The stadium issues became more cloudy after the collapse of the I-35W bridge, which linked Minneapolis and St. Paul, Minn., on August 1. Minnesota Vikings owner Zygi Wilf is seeking a more than $1 billion stadium and village complex at the site of the Metrodome, which is blocks away from the bridge. Minnesota taxpayers would heavily subsidize Wilf’s plan, and it received a lukewarm reaction when it was unveiled last spring.
Wilf intends to go before the Minnesota legislature in 2009 looking for money: Funds that may have been allocated for Wilf’s stadium-village concept could now go into building up Minnesota’s aging infrastructure.
In San Diego, not much has changed in since Chargers owner Alex Spanos told this reporter that he was unhappy with his stadium situation 7 1/2 years ago. San Diego has given up on trying to keep the Chargers within city limits. But Spanos is hopeful that he will be able to reach an agreement with one of the city’s suburbs still bidding for a stadium plan, and that local residents in Oceanside or Chula Vista can vote on a financial plan to fund the project in November 2008.

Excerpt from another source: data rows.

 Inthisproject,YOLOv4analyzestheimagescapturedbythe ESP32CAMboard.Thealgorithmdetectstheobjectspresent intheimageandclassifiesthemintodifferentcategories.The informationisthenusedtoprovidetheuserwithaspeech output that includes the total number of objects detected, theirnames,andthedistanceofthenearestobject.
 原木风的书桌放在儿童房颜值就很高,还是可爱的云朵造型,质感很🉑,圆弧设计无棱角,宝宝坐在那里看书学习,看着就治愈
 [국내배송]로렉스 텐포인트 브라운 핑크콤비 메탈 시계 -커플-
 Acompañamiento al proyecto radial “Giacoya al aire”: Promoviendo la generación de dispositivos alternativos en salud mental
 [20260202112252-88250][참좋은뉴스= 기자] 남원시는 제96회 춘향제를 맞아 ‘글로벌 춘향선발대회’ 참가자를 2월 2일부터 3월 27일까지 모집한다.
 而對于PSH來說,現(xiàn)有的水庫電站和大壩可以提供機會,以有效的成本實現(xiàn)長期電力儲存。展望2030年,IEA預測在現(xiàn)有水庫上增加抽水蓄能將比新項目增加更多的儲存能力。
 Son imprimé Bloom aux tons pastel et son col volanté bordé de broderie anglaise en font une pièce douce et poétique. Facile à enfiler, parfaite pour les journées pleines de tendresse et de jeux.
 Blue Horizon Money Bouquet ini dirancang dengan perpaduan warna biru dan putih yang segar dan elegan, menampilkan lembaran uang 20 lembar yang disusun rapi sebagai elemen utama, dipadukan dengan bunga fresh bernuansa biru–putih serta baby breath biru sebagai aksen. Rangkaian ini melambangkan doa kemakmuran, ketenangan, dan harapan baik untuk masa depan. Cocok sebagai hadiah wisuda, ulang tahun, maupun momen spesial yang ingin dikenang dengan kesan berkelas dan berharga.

Up the Pacific Coast Highway in Santa Clara, Calif., local politicians are still going through 49ers owner John York’s plan to build a stadium in the city, which is more than 30 miles south of San Francisco. The York family wants to build a new place loaded with luxury boxes, club seats, and other amenities that customers — not fans — expect in the stadium experience, all of which are unavailable at the 49ers home stadium in Candlestick Point.

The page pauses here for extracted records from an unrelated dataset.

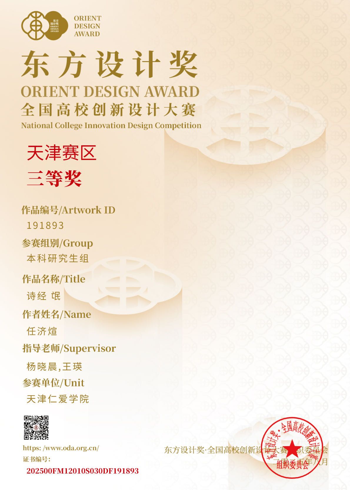 上一条:喜报┃热烈祝贺我院学子在2025年第13届未来设计师·全国高校数字艺术设计大赛(NCDA)-天津赛区竞赛中斩获55项佳绩
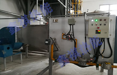 X-LE燃燒器安裝在風道中心,燃燒方向和氣流方向相同,其中燃燒器所需要的助燃空氣來自需要加熱的工藝空氣,燃燒器不需要單獨補充助燃空氣;由于火焰較短,整個風道內(nèi)不存在高溫區(qū)域,燃燒后釋放的熱量和工藝風迅速混合,保持良好的熱風均勻性。
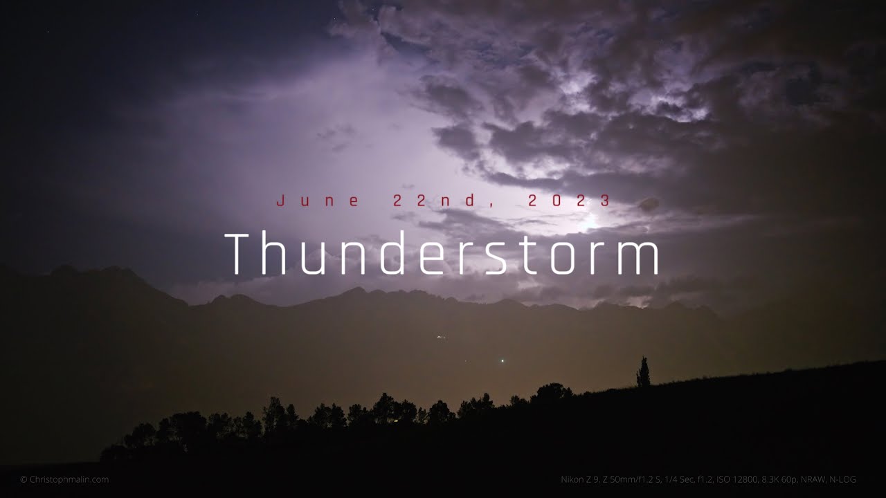 I set up both the Nikon Z 8 and Z 9 for 8.3K 60p NRAW N-Log with the Z 50mm f/1.2 S and Z 35mm f/1.8 S plus Z 70-200mm f/2.8 as an option. The Lightshow was intense. From a distance of about 85 km, I could see the thunderstorm moving over Southern Bavaria, backlit and illuminating the Nordkette Mountain Range:
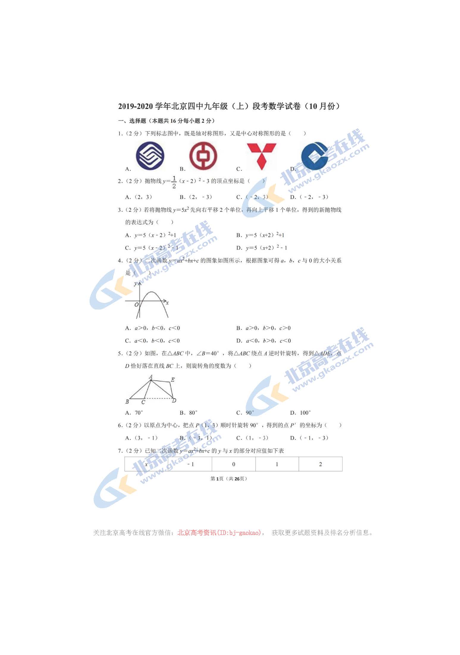 北京四中是北京市重点中学,考生和家长的关注度非常高。近日,北京四中初三年级第一次月考正式开考,为帮助考生学习参考北京四中初三月考试题,北京高考在线团队进行了收集整理,本文分享初三月考数学试题给大家学习参考!
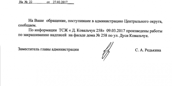 Номер жалобы:14729 Тип жалобы:Иные проблемы ЖКХ Название объекта:Управляющая Компания Город:Новосибирск Адрес:Новосибирск, улица Дуси Ковальчук, 258 Описание жалобы:Надписи на стенах дома Статус:
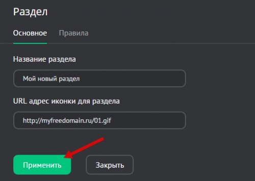 После ввода информации о разделе нужно нажать на кнопку «Применить»:
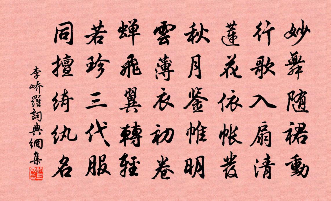 詩詞名句歷史字典書法欣賞書法字典國語詞典說文解字康熙字典古漢語字典標 題 作 者 詩 句 羅作者:李嶠 朝代:唐代羅原文妙舞隨裙動,行歌入扇清。蓮花依帳發,秋月鑒帷明。雲薄衣初卷,蟬飛翼轉輕。若珍三代服,同擅綺紈名。詩詞問答問:羅的作者是誰?答:李嶠問:羅寫於哪個朝代?答:唐代問:羅是什麼體裁?答:五律李嶠羅書法欣賞羅書法作品注釋全唐詩:卷60_7詩詞推薦搗練子沈瀛〔宋代〕放下著,須彌山。分明北斗面南看。沒絲毫,相阻攔。休儱侗,莫顢頇。含元殿上問長安。欲歸家,行路難。次韻二首劉克莊〔宋代〕老懶尤於筆硯疏,難陪騎省賦閒居。去周柱下誰為史,傳鄴侯家尚有書。台饋不煩公粟肉,戶租難辦客車魚。側旁病起別主人李群玉〔唐代〕益愧千金少,情將一飯殊。恨無泉客淚,盡泣感恩珠。路中問程知欲達青雲驛雍陶〔唐代〕行愁驛路問來人,西去經過願一聞。落日回鞭相指點,前程從此是青雲。戲和答禽語黃庭堅〔宋代〕南村北村雨一犁,新婦餉姑翁哺兒。田中啼鳥自四時,催人脫袴著新衣。著新替舊亦不惡,去年租重無袴著。為徐叔剛賦達齋張煒〔宋代〕男兒勁正氣,期谷展經綸。場屋求程藝,山林多隱人。學優宜必仕,道在不妨貧。快舉摩霄翮,聯翩立要津。偈頌二十四首釋智遇〔宋代〕人間無,天上有,往往無人脫窠臼。四海娟娟洗玉魂,九野茫茫白兔走。寒山子,不關口,也落馬駒群隊後。觀博平王志安少府山水粉圖李白〔唐代〕粉壁為空天,丹青狀江海。游雲不知歸,日見白鷗在。博平真人王志安,沉吟至此願掛冠。松溪石磴帶秋色,愁客次韻十一叔芍藥五絕杜范〔宋代〕寒暑回還日日新,數枝留得幾多春。君能彈壓憑佳句,一段清襟亦可人。偈頌一百零二首釋紹曇〔宋代〕西子湖邊泛渺茫,一堤寒綠看垂楊。誰知業債難逃避,開眼堂堂入鑊湯。金牛洞周文璞〔宋代〕凌兢下危梯,俯傴生深穴。回身避雲霧,偃面視日月。藥苗護谽谺,竹節截嶭嶭。安知幽蹊下,有此大奇絕。金牛挽胡季昭用王盧溪韻羅疸〔宋代〕百世期令固本支,一身寧復許安危。前瞻象郡賢方去,後有鶴山人效奇。地接宜陽山谷笑,舟回湘水屈原知。櫝中謝彥修攜具見過胡寅〔宋代〕識字深慚揚子云,載醪何以塞殷勤。山騰海浪兼天碧,雨薦秋聲映燭聞。秘藏未能窺佛界,劇談聊足張吾軍。浮蛆荔子歌劉子翬〔宋代〕炎精孕秀多靈植。荔子佳名聞自昔。絳囊剖雪出琱盤,尋常百果無顏色。閩天六月雨初晴,星火熒煌曜川澤。欻如題梅山雲悅樓羅永之〔宋代〕曾讀楊詩識懶雲,只今雲悅即雲孫。龍無怒色常歸匣,鶴有懽顏獨守門。春態樂尋吟客伴,心閒喜共野人言。要知八音詩權德輿〔唐代〕金谷盛繁華,涼台列簪組。石崇留客醉,綠珠當座舞。絲淚可銷骨,冶容竟何補。竹林諒賢人,滿酌無所苦。匏居幽趣十二首鄭剛中〔宋代〕幽趣無人會,須還我獨親。開書風為揭,得睡懶相因。雨後竹色淨,月中梅意貞。北山小園景,莫怨未歸人。小重山 述夢王哲〔元代〕夢見街前一隻牛。偏能行得穩,性溫柔。繩來牽拽便回頭。高峰上,臥月最風流。隨我任遨遊。調和真逸樂,沒憂句戴衢〔唐代〕坐落千門日,吟殘午夜燈。陳粹中再約重陽之集即不果赴以詩寄這二首王洋〔宋代〕酒熟招期勝士開,錦溪詞伯是仙才。衰顏野老無酬對,若有新詩卻寄來。名句推薦日往菲薇,月來扶疏。左思《三都賦》 砌下落梅如雪亂,拂了一身還滿。李煜《清平樂·別來春半》 夫萬事萬物之理,不外於吾心。王陽明《傳習錄·卷中·答顧東橋書》 泥融飛燕子,沙暖睡鴛鴦。杜甫《絕句二首》 花明柳暗繞天愁,上盡重城更上樓。李商隱《夕陽樓》 人無剛骨,安身不牢。施耐庵《水滸傳·第二十四回》 犯刑若履虎,不畏落爪牙。李白《秦女休行》 朝真暮偽何人辨,古往今來底事無。白居易《放言五首·其一》 勝人者有力,自勝者強。老子《老子·道經·第三十三章》 功遂身退,天之道老子《老子·道經·第九章》
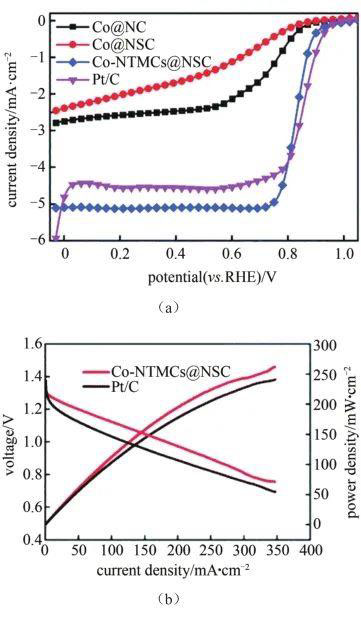 過渡金屬本身具有高催化活性,但抗氧化性能差。研究發(fā)現(xiàn),過渡金屬顆粒和碳材料復合作為ORR和OER雙功能催化劑表現(xiàn)出強的催化性能。在這種復合結構中,過渡金屬可以增加碳化過程中碳材料的石墨化程度,包裹在表面的碳材料可以有效的防止金屬團聚以確保分散,同時可以促進電子的轉(zhuǎn)移。Zhu等通過功能聚合物的可控自組裝制備了鈷摻雜含氮和硫的多孔碳球(Co-NTMCs@NSC),Co原子均勻分布在碳球表面,提高了材料本征催化活性。測試顯示ORR半波電位為0.833V[圖2(a)],在堿性介質(zhì)中具有良好的耐甲醇能力和長期的耐用性。此外,它還表現(xiàn)出高效的OER催化活性,在10 mA/cm2下具有284 mV的過電位。用作可充電鋅空氣電池的空氣陰極時,在充放電循環(huán)的12 h內(nèi)顯示出高的峰值功率密度262 mW/cm2[圖2(b)]和小的充放電電壓間隙,優(yōu)于Pt/C基空氣陰極。Ma等同樣采用高溫熱解聚合物法制備了碳納米管包覆合金納米粒子催化劑,作為鋅空氣電池空氣陰極催化劑時顯著地提高了電池的循環(huán)穩(wěn)定性,并表現(xiàn)出高的峰值功率密度。
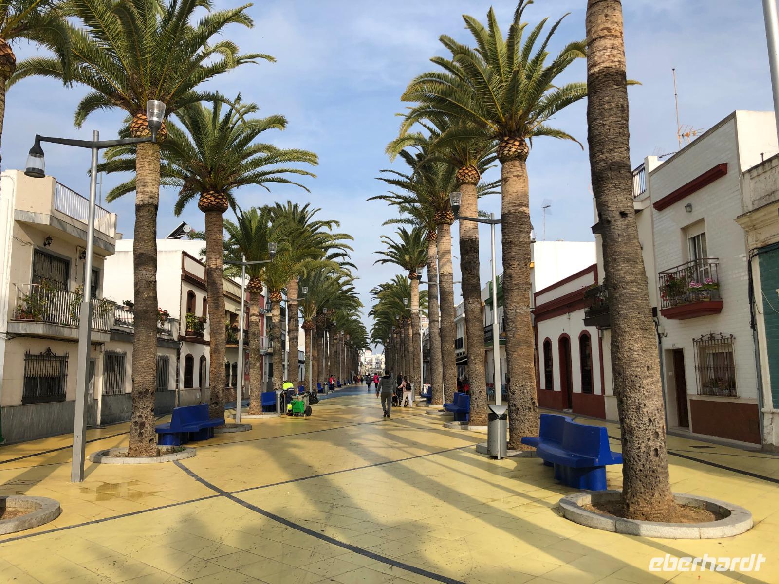 In Punta Umbría halten wir direkt am Strand und nahmen einen guten "Wind Kaffee" ein, mit etwas Sonne und romantischen Ausblicken. Ein Stück weiter halten wir auch, beim Aussichtspunkt Punta de Flecha und fahren durch verschiedene Städte um die Unterschiedlichkeit zu sehen. Eine davon war Lepe, das Dorf, das alle Spanier wegen seiner Witze kennen.

In 1997, San Francisco voters approved a referendum which would have funded a stadium and mall complex near Candlestick. But the project never got off the ground because 49ers owner Edward DeBartolo gave up control of the franchise to his sister Denise York in 2000, as part of a settlement of various lawsuits over the family’s business. The Yorks abandoned the project and it has only been in the past year that they have revived the hunt for a new stadium. But the family turned down a San Francisco proposal to move into a stadium at the Hunters Point Naval Shipyard earlier this year.

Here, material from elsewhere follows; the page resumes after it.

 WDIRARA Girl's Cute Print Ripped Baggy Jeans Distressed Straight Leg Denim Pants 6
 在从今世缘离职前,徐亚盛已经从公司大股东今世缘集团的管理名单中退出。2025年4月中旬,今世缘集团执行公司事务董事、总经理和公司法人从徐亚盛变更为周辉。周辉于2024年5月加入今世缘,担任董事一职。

A close eye still needs to be kept on New Orleans. Saints owner Tom Benson is committed to keep his team in the Crescent City until the 2010 season. Benson’s team is heavily subsidized by Louisiana taxpayers as part of a 2001 deal between the franchise and the state, which provided $186.5 million to Benson to keep the team from moving elsewhere. The New Orleans economy is still struggling to recover from Hurricane Katrina, however. Benson is looking for a new stadium with all the toys his fellow owners have, but Louisiana just doesn’t have the money.
Goodell will be involved in all of the stadium projects as a lobbyist when called upon. That is as much a part of the commissioner’s job as handing out the Vince Lombardi Trophy to the winning team of the Super Bowl.
All in all, Goodell had a solid season in 2006, but there is room for global, stadium, and cable improvement. The NFL remains a moneymaking machine, and Goodell has done nothing in his rookie season that would change that fact.